I don’t know why God in His wisdom has not yet given us the gift of children. I don’t know why the pregnancy tests keep coming back negative. I don’t know why the adoption referrals are falling through.
But, here’s what I do know. Our desire to be mothers is good and right and God-given, so we don’t need to be afraid to be mothers today even without children of our own.
Be a mother of mothers and pray for your friends and family with children. Invite them all over for dinner, make that decadent trifle for dessert, and set a bucket of water balloons out in your front yard for a little impromptu playtime. Give those hard-working moms a break and watch their children while you send them off to the spa for an afternoon. Stick some grocery cards in their purses, accompany them on school field trips, and listen to what they have to say about life and mothering and everything in between.
Be a mother to the fatherless. Donate your time and talents to your local crisis pregnancy center, advocate for the rights of frozen embryos, speak honestly and openly about the effects of abortion on children, women, men, and our communities, raise money for adoption grants and orphanages, and hold the hands of teen mothers during ultrasounds.
Be a mother to the children in your church. Teach Sunday school, lead the children’s choir, make punch for VBS, sew quiet books and baptismal banners for the youngest saints, serve as godparents, chaperone a youth trip, and sit with frazzled parents who would like help wrangling their children during the sermon.

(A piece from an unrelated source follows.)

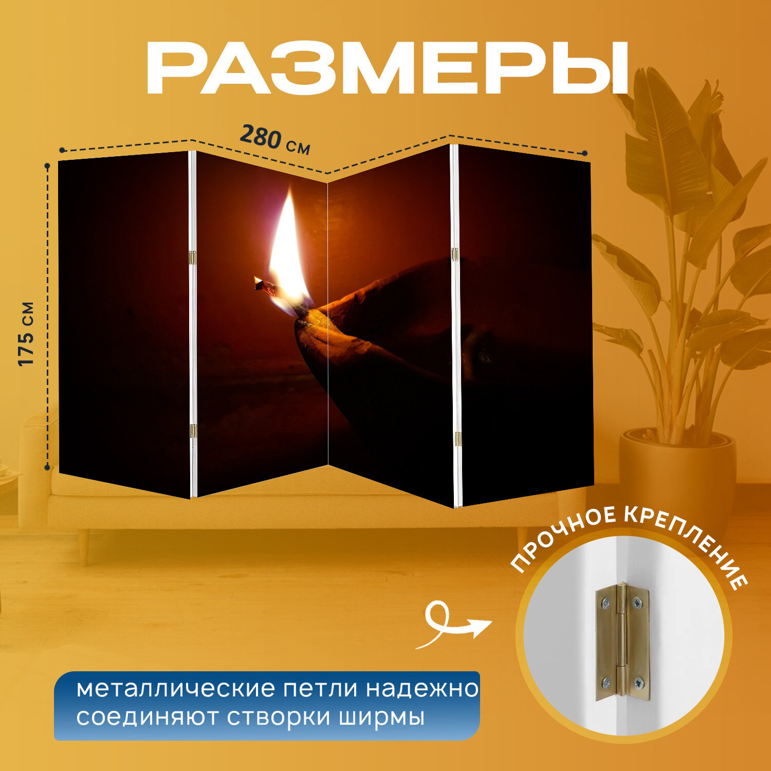 Ширма "Дивали, индийский тестирования, вблизи свет" перегородка для зонирования комнаты с принтом 280x175 см. на холсте интересное:
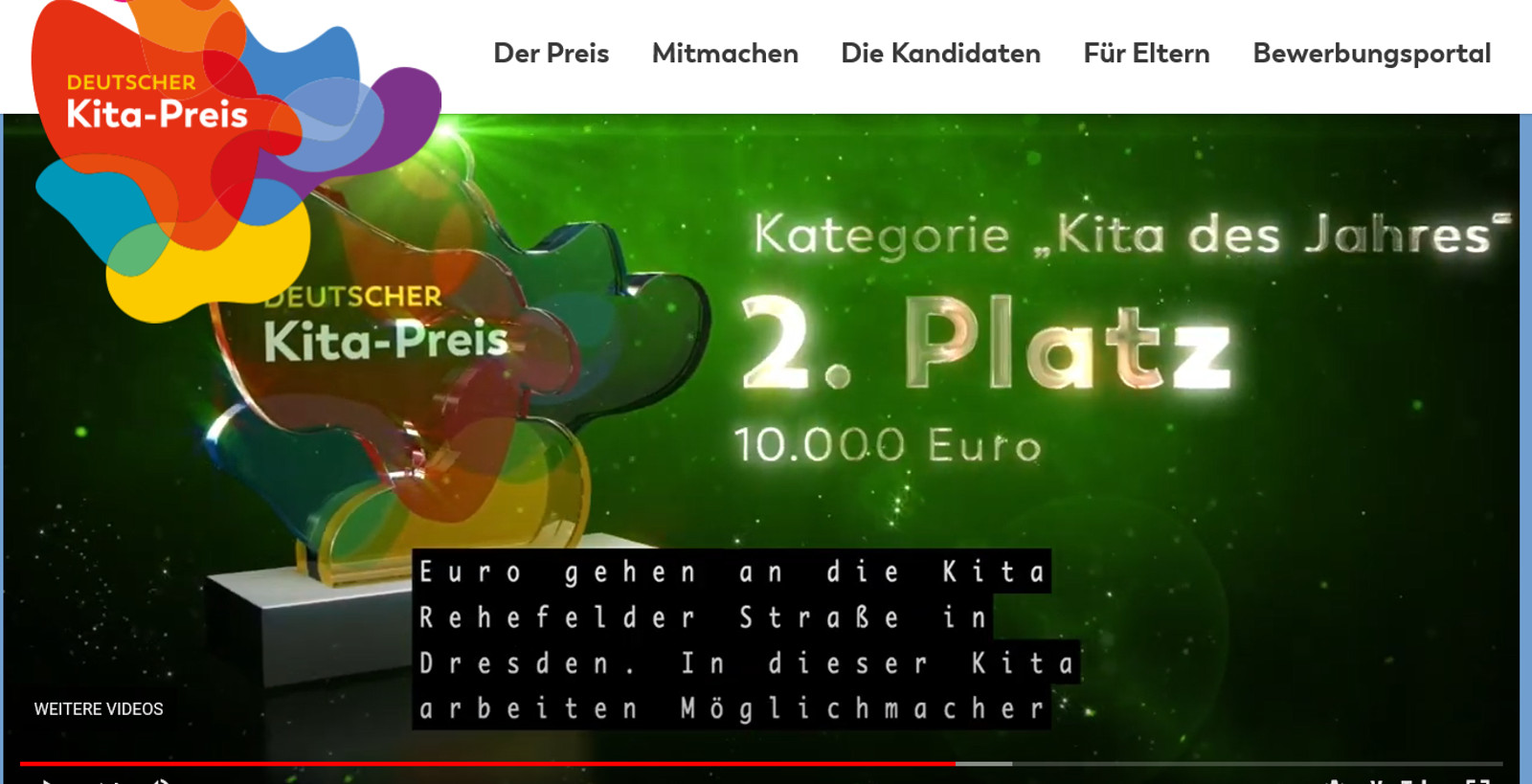 Großer Bahnhof am vergangenen Mittwoch in der Kita Rehefelder Straße. Nach der Preisverkündung auf der digitalen Award-Show im Juni folgte

Be a mother to the elderly. Pick up sticks in their yards after a storm, give them rides to Walgreens, check out books for them from the library, weed their flower beds, sit with them and listen to their stories about the past, play the piano for them at your local nursing facility, and help alert your pastor as to when they require pastoral care.
Be a mother to a soldier. Write letters to him, send him Twizzlers, crochet him scarves, and pray for him every day. Make sure his family has plenty of money to pay their bills. Take his children to Chuck E. Cheese’s. Offer childcare once a week so his wife can run necessary errands. Attend his children’s sporting events and school concerts.
Be a mother to your pastor. Pray for him, speak well of him, defend him, and encourage him at every opportunity. Bring him produce from your garden, fill his freezer with beef from your pasture, and bake him an apple pie. Volunteer in whatever way you can at church and make sure his shoes never have holes in them. Serve on the altar guild and set the table for the Lord’s Supper every Sunday. Water the flowers on the altar and care for the vestments and paraments in the sacristy. Go to church and receive from him the gifts of Christ.
Be a mother to the dying and sit at their bedsides. Read to them the Psalms, confess to them the Apostles Creed, and sing into their ears those precious words of light and life which can be found in your hymnal.
I know you want to be a mother. Go ahead. Be a mother wherever you are, just as you are, to the children and people God has put in your life today.